Yesterday, the commission sent a letter to Attorney General Eric H. Holder Jr. demanding that Justice "fully cooperate," according to specific legal authority vested in the commission, with the commission's inquiry about why Justice dropped the case after it had already been won. The commission wrote that Justice's replies to earlier commission requests either are "overdue," have been "largely non-responsive" or have provided "none of the documents we requested."

A Sept. 9 letter from Justice to the commission said the commission should wait until Justice's own internal investigation of the matter is complete. But as Commission Chairman Gerald A. Reynolds wrote yesterday, "many aspects of the Commission's inquiry have no connection with the matter subject to [Justice's internal investigation]," and thus should not be delayed in any way. Among these broader inquiries are questions about Justice's "prior voting intimidation investigations," about whether dropping the Black Panther case "is consistent with departmental policy or practice in the past," whether dropping the current case "may encourage voter intimidation," and whether the Justice Department is properly enforcing the Voting Rights Act.
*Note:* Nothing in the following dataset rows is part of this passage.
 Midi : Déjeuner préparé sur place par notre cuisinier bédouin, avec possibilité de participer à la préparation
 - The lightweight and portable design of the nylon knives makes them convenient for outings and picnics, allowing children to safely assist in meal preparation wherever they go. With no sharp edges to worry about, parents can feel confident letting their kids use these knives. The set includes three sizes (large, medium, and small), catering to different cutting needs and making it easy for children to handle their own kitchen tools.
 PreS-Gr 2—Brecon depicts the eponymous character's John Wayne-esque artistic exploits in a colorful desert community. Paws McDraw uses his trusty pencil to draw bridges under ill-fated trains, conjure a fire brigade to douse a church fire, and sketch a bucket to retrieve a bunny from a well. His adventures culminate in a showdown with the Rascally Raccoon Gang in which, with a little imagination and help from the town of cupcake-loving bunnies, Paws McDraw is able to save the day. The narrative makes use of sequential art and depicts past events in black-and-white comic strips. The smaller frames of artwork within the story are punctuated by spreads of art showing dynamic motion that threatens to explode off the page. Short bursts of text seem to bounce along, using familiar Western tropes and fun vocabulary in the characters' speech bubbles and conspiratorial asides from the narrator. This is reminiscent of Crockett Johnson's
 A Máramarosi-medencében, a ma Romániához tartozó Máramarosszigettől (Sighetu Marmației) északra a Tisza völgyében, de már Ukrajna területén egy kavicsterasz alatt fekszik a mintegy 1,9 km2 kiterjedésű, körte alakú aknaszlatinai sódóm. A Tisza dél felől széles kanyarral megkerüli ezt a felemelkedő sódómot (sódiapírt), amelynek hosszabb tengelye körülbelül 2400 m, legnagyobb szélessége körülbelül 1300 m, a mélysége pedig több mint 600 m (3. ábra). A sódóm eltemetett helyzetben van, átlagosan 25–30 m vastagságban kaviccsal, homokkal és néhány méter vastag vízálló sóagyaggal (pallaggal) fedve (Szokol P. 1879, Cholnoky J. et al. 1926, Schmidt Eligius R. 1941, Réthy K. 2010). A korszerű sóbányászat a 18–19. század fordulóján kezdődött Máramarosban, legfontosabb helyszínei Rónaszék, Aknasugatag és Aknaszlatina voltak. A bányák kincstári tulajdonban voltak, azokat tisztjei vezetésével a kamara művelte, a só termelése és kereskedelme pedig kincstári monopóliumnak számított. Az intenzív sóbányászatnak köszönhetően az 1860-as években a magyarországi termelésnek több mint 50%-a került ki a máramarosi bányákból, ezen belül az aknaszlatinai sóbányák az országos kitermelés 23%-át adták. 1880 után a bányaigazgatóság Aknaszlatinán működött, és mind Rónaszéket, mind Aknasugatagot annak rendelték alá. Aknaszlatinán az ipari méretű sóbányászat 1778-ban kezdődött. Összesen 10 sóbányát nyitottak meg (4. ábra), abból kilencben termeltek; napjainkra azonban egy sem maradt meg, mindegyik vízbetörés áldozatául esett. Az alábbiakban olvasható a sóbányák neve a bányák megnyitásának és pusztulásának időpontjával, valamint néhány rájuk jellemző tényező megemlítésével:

The subtext of this investigation is whether Mr. Holder is using civil rights laws to protect only citizens of color, while leaving everyone else unprotected. If so, then Mr. Holder, in effect, would be declaring open season on white voters while treating white citizens as somehow less equal than others. That would be racial discrimination, pure and simple.
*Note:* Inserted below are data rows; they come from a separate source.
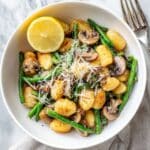 This vibrant Pan-Seared Gnocchi dish combines crispy golden potato dumplings with fragrant pesto, tender green beans, earthy mushrooms, and tangy sun-dried tomatoes. Finished with freshly grated Parmesan and a squeeze of lemon, this quick and flavorful meal is perfect for a satisfying weeknight dinner.
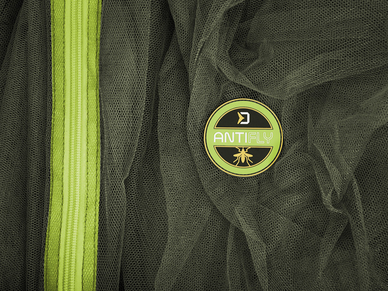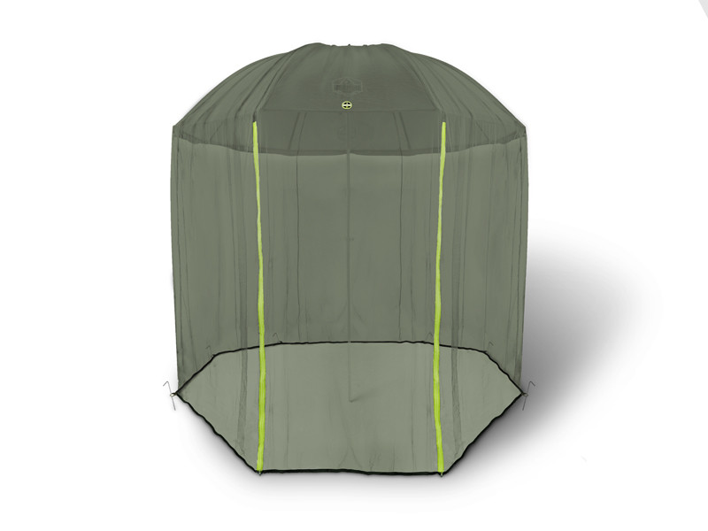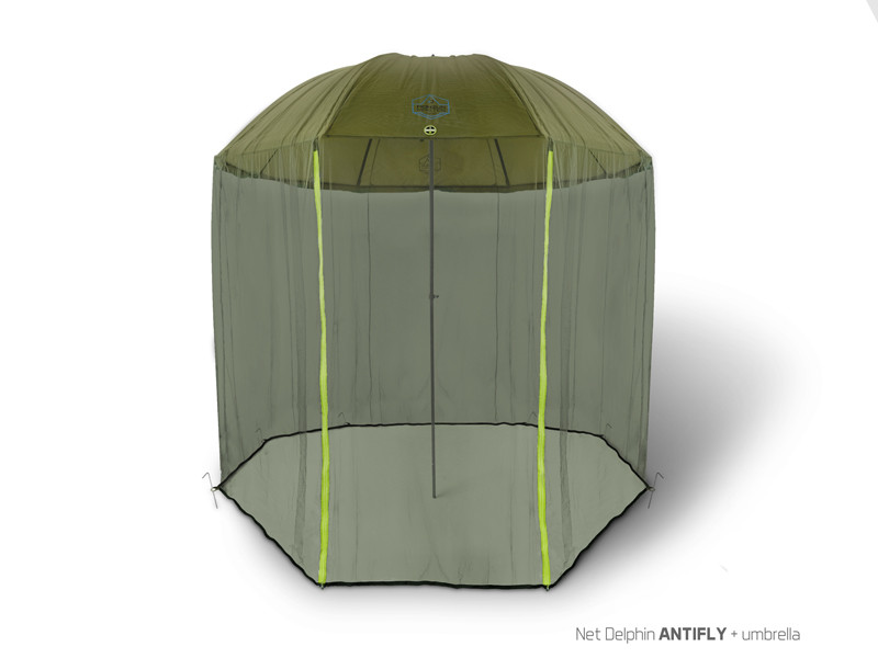 A highly effective protection against mosquitoes by the river. Mosquito net Delphin AntiFLY has a standard size that fits almost all fishing umbrellas available on the market. The whole system relies on a central opening which comes on the top centre of the umbrella and 8 pegs (included in the package). The entrance has two high-visibility zippers for better orientation at night or during poor visibility. A fine net will grant you the best protection against nasty insects.
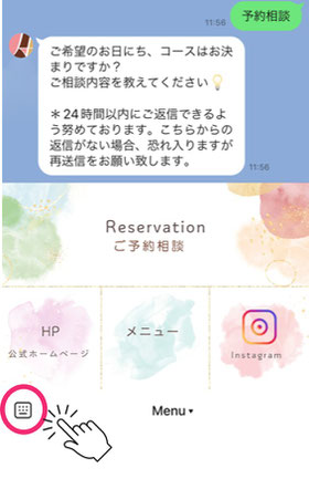 左下の赤丸(キーボードマーク)をタッチ。文章を入力できます。ご予約相談内容を入力して送ってください。
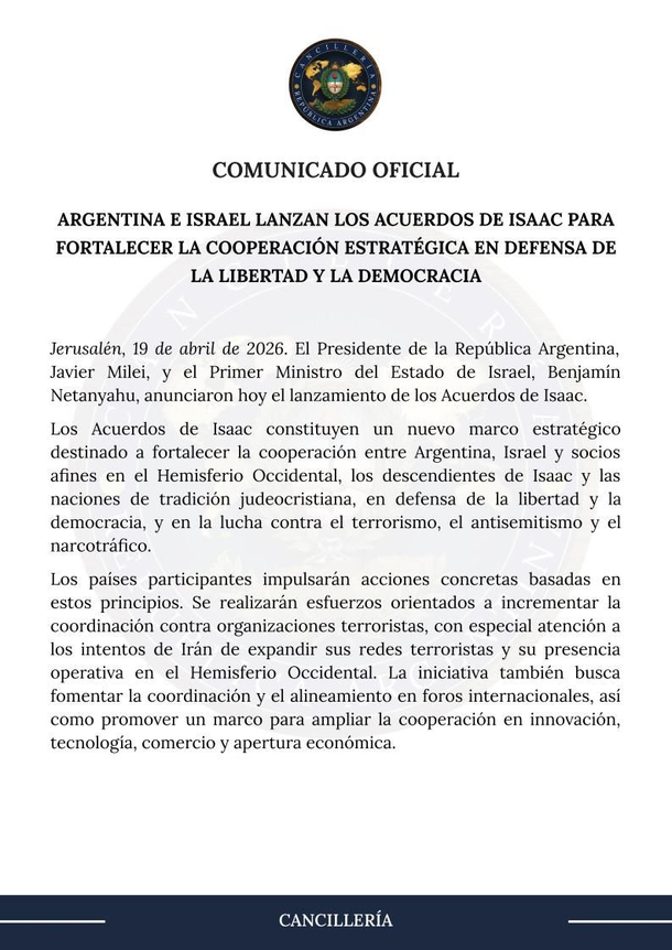 A través de un comunicado de Cancillería, el Gobierno argentino oficializó este domingo el lanzamiento de los “Acuerdos de Isaac”, un entendimiento alcanzado entre el presidente Javier Milei y el primer ministro israelí Benjamin Netanyahu.
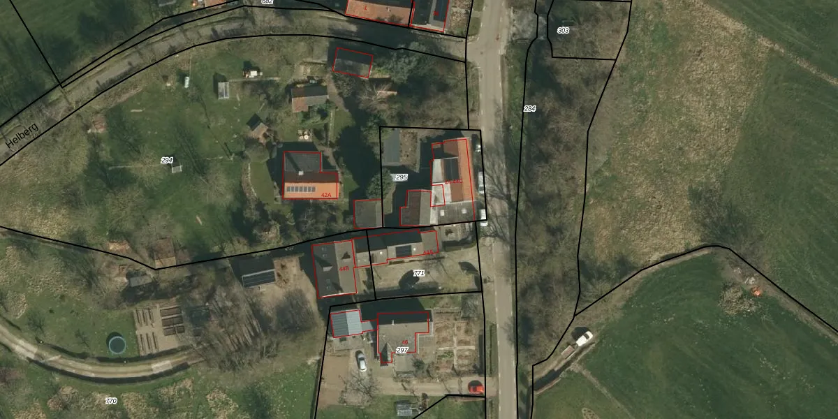 Het adres ligt op het perceel WTM00-K-295, dat zich in de kadastrale gemeente Wittem bevindt. Het perceel is kleiner dan gemiddeld in Wittem. Het perceel is 565 m² groot, terwijl het gemiddelde ligt op 6053 m². De grootste perceeloppervlakte in de kadastrale gemeente is 50,8 ha. De kleinste oppervlakte bedraagt 0 m². Op het perceel zijn 2 adressen aanwezig. De huidige grenzen van het perceel zijn digitaal in de Basisregistratie Kadaster (BRK) geregistreerd op 09-09-2010.

Consider again the nature of the charges. The Black Panthers in question were videotaped standing in front of a polling place, nightstick in hand, in paramilitary garb, and were quoted multiple times using racial epithets and threatening language. The Panthers are deadly serious. At electionjournal.org, there is a National Geographic video clip of these same Black Panthers saying, "You want freedom, you're gonna have to kill some crackers. You're gonna have to kill some of they [sic] babies."

One of these menaces is a local Democratic official and was a registered Democratic poll watcher on the day in question. Three days after the case was dropped against him, he again served as an official poll watcher for Democratic municipal elections in Philadelphia.

Rep. Frank R. Wolf, Virginia Republican, said in a floor speech yesterday that the Justice Department's dismissal of the case has "serious and dangerous consequences for future voter intimidation enforcement." The more Mr. Holder stonewalls, the more it looks as if he is trying to hide something noxious.